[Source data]
Segment Open

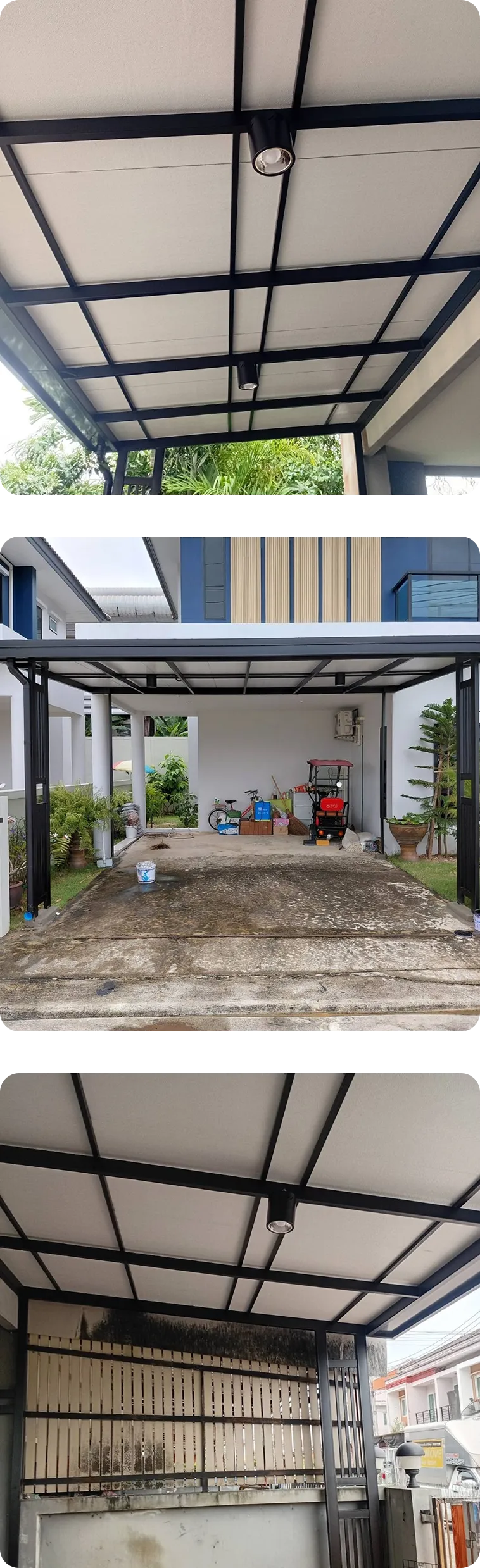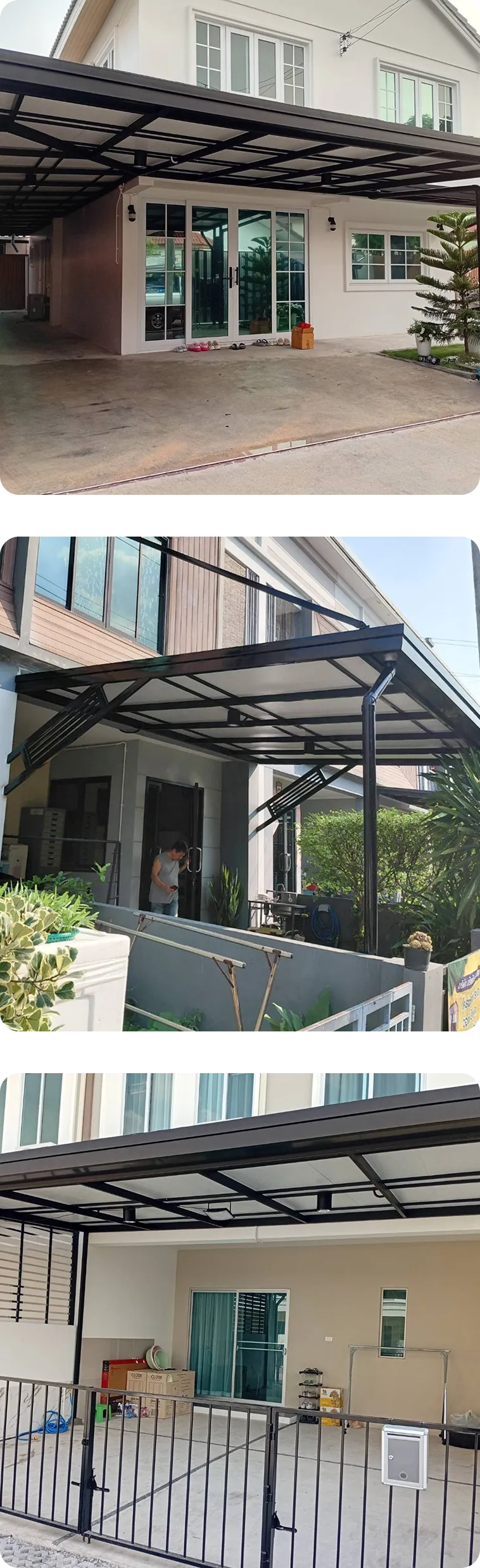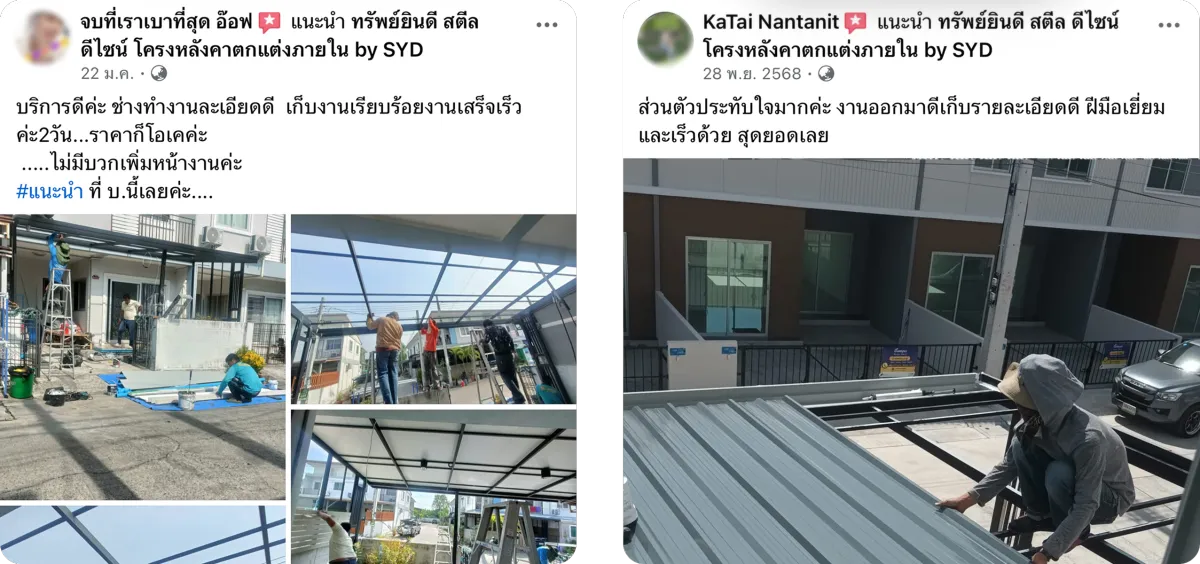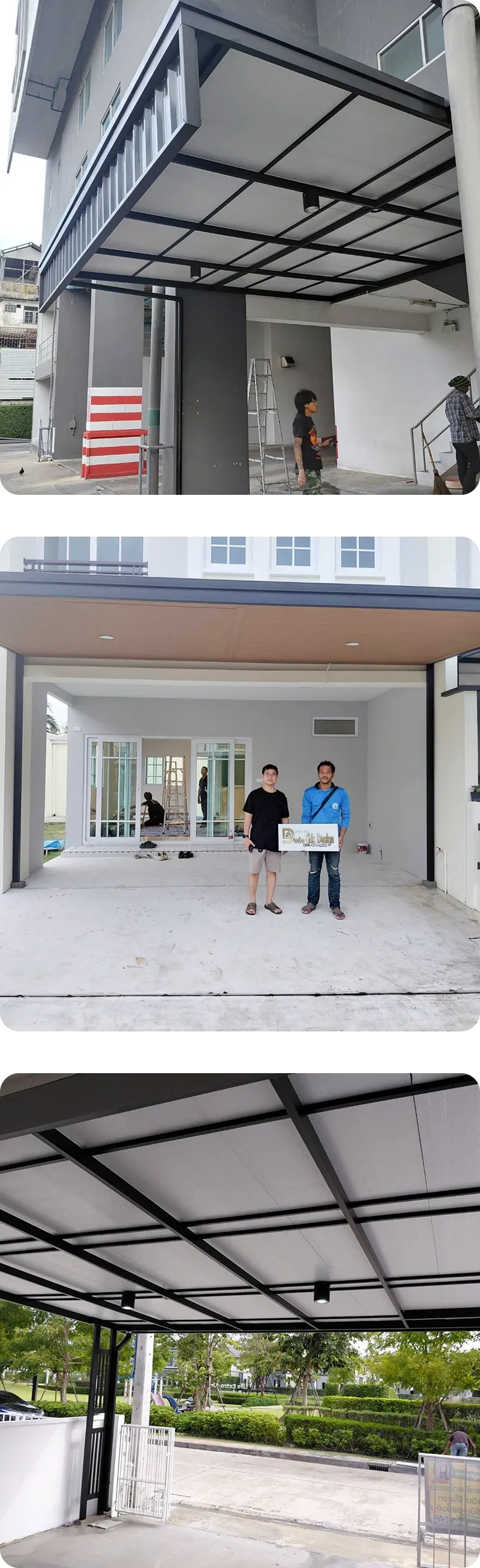 (Self-Standing) โดยไม่ยึดติดกับตัวบ้านเดิม วิธีนี้จะช่วยป้องกันปัญหาโครงสร้างหลังคาดึงรั้งจนผนังบ้านร้าวเมื่อมีการทรุดตัวของดิน
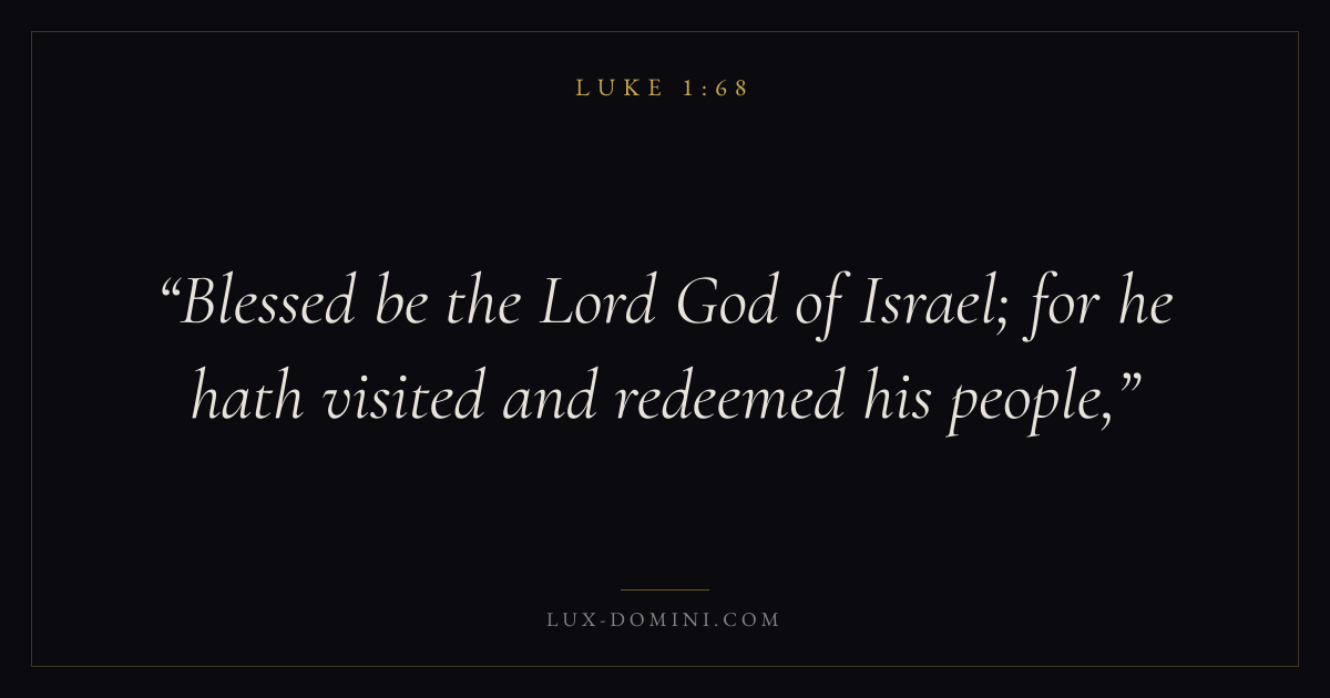 Books / Luke / Chapter 1 / Verse 68 ← Luke 1:67 Luke 1:68 Luke 1:69 → Blessed be the Lord God of Israel; for he hath visited and redeemed his people, Download verse card Share on Twitter Share on Facebook Pin it ✦ Key themes PrayerJustice and mercySalvationSpirit Read with Luke 1:64Luke 1:65Matthew 6:9Luke 18:1 Related topics Bible verses about prayerBible verses about justice and mercyBible verses about salvation ✦ Luke Chapter 1 verses V. 1 V. 2 V. 3 V. 4 V. 5 V. 6 V. 7 V. 8 V. 9 V. 10 V. 11 V. 12 V. 13 V. 14 V. 15 V. 16 V. 17 V. 18 V. 19 V. 20 V. 21 V. 22 V. 23 V. 24 V. 25 V. 26 V. 27 V. 28 V. 29 V. 30 V. 31 V. 32 V. 33 V. 34 V. 35 V. 36 V. 37 V. 38 V. 39 V. 40 V. 41 V. 42 V. 43 V. 44 V. 45 V. 46 V. 47 V. 48 V. 49 V. 50 V. 51 V. 52 V. 53 V. 54 V. 55 V. 56 V. 57 V. 58 V. 59 V. 60 V. 61 V. 62 V. 63 V. 64 V. 65 V. 66 V. 67 V. 68 V. 69 V. 70 V. 71 V. 72 V. 73 V. 74 V. 75 V. 76 V. 77 V. 78 V. 79 V. 80
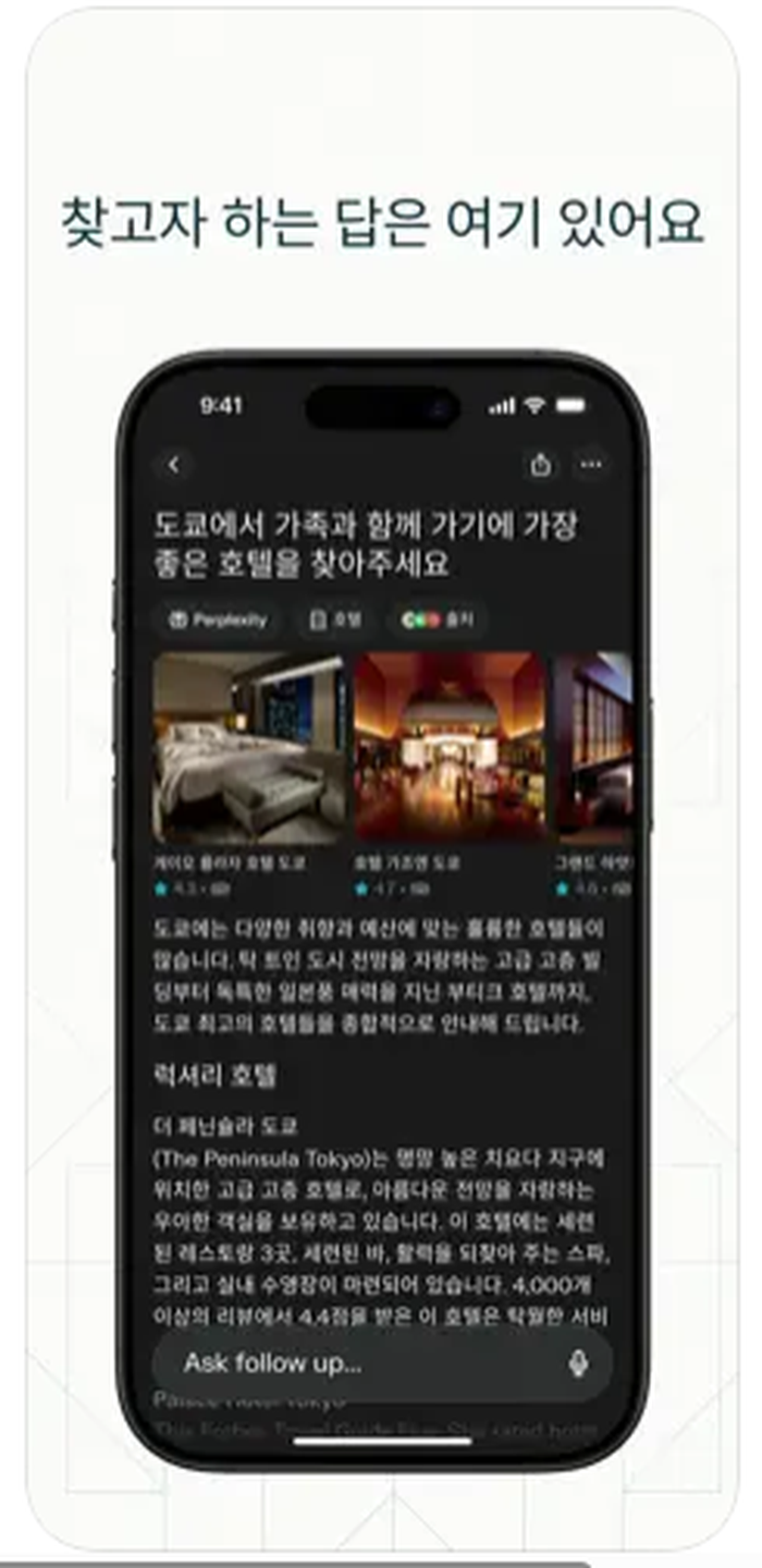 iOS 사용자도 App Store를 통해 퍼플렉시티 AI를 간편하게 이용할 수 있습니다. 애플의 UI 환경에 최적화된 디자인으로 제공되며, 질문 입력 후 AI의 응답을 빠르게 확인할 수 있습니다. 특히 Siri와의 연동이 가능하여 음성으로 질문을 던지고 결과를 받아보는 것도 가능합니다.
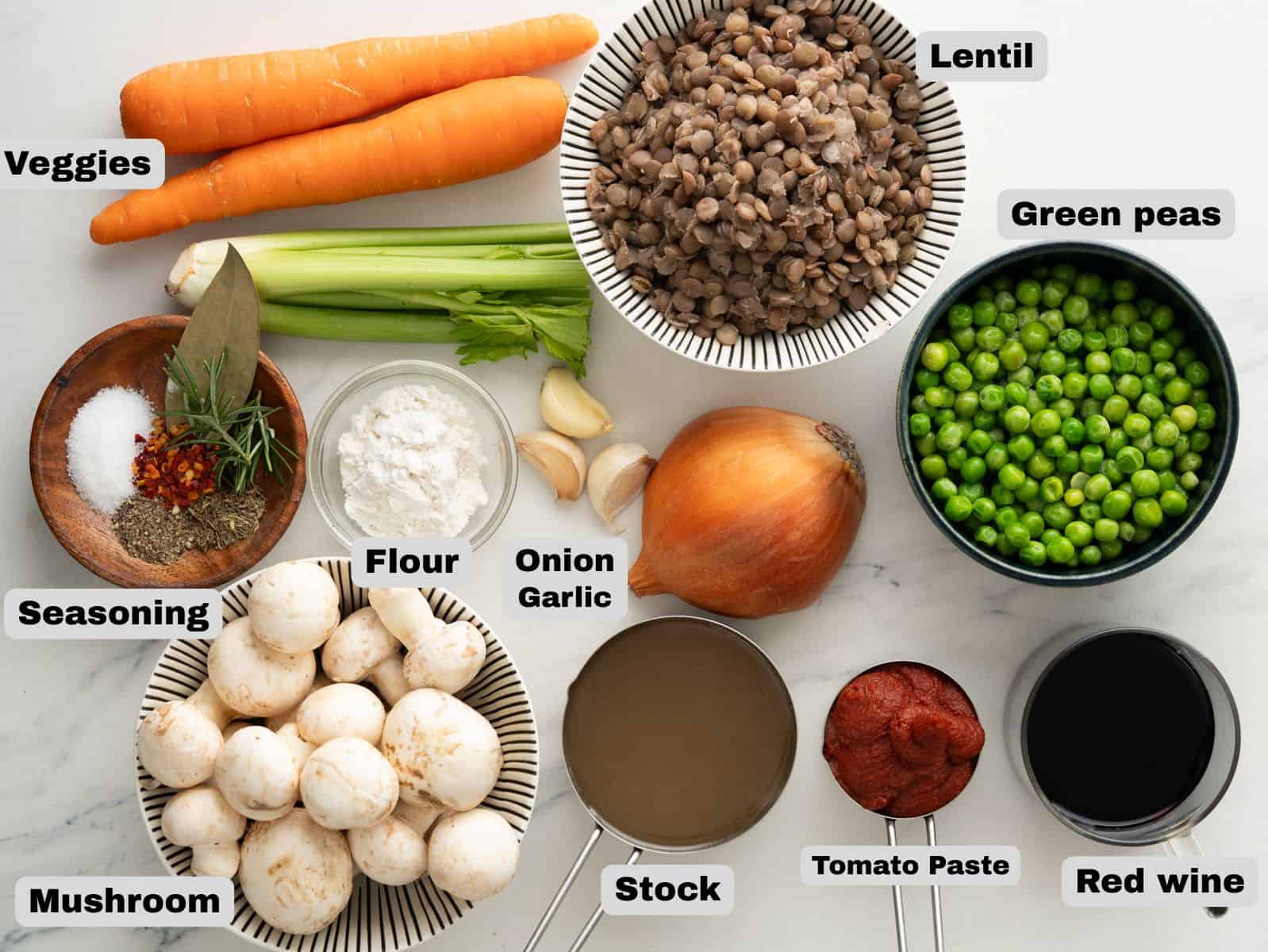 Start with Sauteeing Onion, garlic, celery, carrot, bay leaf, and fresh herbs. When aromatic add Mushroom. Saute mushrooms until it softens. Then goes the lentils, tomato paste, and flour. If you are not a fan of lentils, then increase the amount of mushroom, carrot, and peas to compensate.
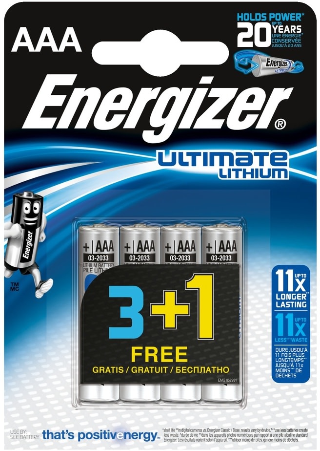 Vergeleken met Energizer Max alkaline batterijen, zijn Energizer Ultimate lithium batterijen 30% lichter van gewicht en gaan ze tot 11 keer langer mee*. Daarnaast hebben Ultimate lithium batterijen een lekvrije constructie en een houdbaarheid van bijna 20 jaar.
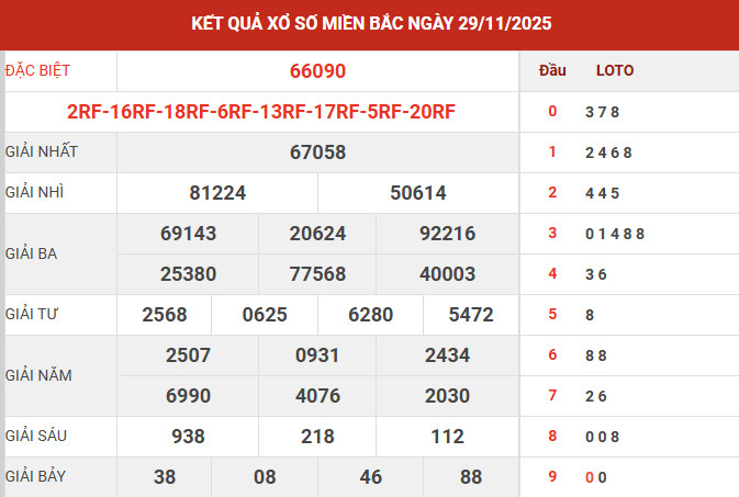 Ngày 29/11/2025, giải đặc biệt của Xổ số Miền Bắc thuộc về dãy số 66090, trong đó cặp 90 là tâm điểm dành cho những ai quan tâm tới các dấu hiệu lặp lại.
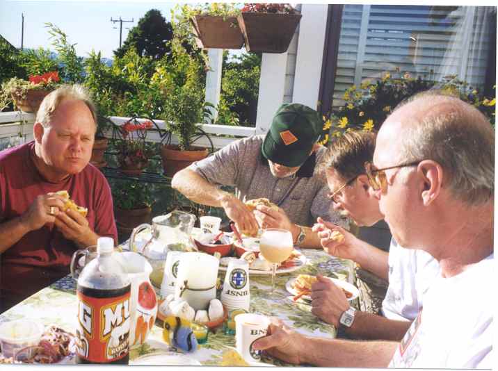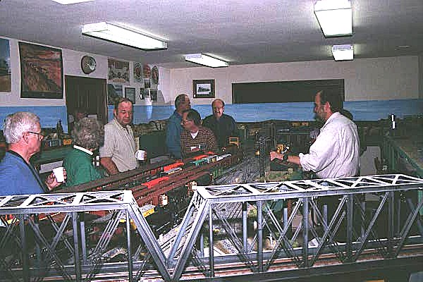 the July meeting, complete with sunshine, hamburgers, and trains big and small.

Segment Closed

Begin at the first line of the records and please reproduce every line exactly through the one containing "Vergeleken met Energizer", leaving all pictures out.

### TASK ANSWER
 (Self-Standing) โดยไม่ยึดติดกับตัวบ้านเดิม วิธีนี้จะช่วยป้องกันปัญหาโครงสร้างหลังคาดึงรั้งจนผนังบ้านร้าวเมื่อมีการทรุดตัวของดิน
 Books / Luke / Chapter 1 / Verse 68 ← Luke 1:67 Luke 1:68 Luke 1:69 → Blessed be the Lord God of Israel; for he hath visited and redeemed his people, Download verse card Share on Twitter Share on Facebook Pin it ✦ Key themes PrayerJustice and mercySalvationSpirit Read with Luke 1:64Luke 1:65Matthew 6:9Luke 18:1 Related topics Bible verses about prayerBible verses about justice and mercyBible verses about salvation ✦ Luke Chapter 1 verses V. 1 V. 2 V. 3 V. 4 V. 5 V. 6 V. 7 V. 8 V. 9 V. 10 V. 11 V. 12 V. 13 V. 14 V. 15 V. 16 V. 17 V. 18 V. 19 V. 20 V. 21 V. 22 V. 23 V. 24 V. 25 V. 26 V. 27 V. 28 V. 29 V. 30 V. 31 V. 32 V. 33 V. 34 V. 35 V. 36 V. 37 V. 38 V. 39 V. 40 V. 41 V. 42 V. 43 V. 44 V. 45 V. 46 V. 47 V. 48 V. 49 V. 50 V. 51 V. 52 V. 53 V. 54 V. 55 V. 56 V. 57 V. 58 V. 59 V. 60 V. 61 V. 62 V. 63 V. 64 V. 65 V. 66 V. 67 V. 68 V. 69 V. 70 V. 71 V. 72 V. 73 V. 74 V. 75 V. 76 V. 77 V. 78 V. 79 V. 80
 iOS 사용자도 App Store를 통해 퍼플렉시티 AI를 간편하게 이용할 수 있습니다. 애플의 UI 환경에 최적화된 디자인으로 제공되며, 질문 입력 후 AI의 응답을 빠르게 확인할 수 있습니다. 특히 Siri와의 연동이 가능하여 음성으로 질문을 던지고 결과를 받아보는 것도 가능합니다.
 Start with Sauteeing Onion, garlic, celery, carrot, bay leaf, and fresh herbs. When aromatic add Mushroom. Saute mushrooms until it softens. Then goes the lentils, tomato paste, and flour. If you are not a fan of lentils, then increase the amount of mushroom, carrot, and peas to compensate.
 Vergeleken met Energizer Max alkaline batterijen, zijn Energizer Ultimate lithium batterijen 30% lichter van gewicht en gaan ze tot 11 keer langer mee*. Daarnaast hebben Ultimate lithium batterijen een lekvrije constructie en een houdbaarheid van bijna 20 jaar.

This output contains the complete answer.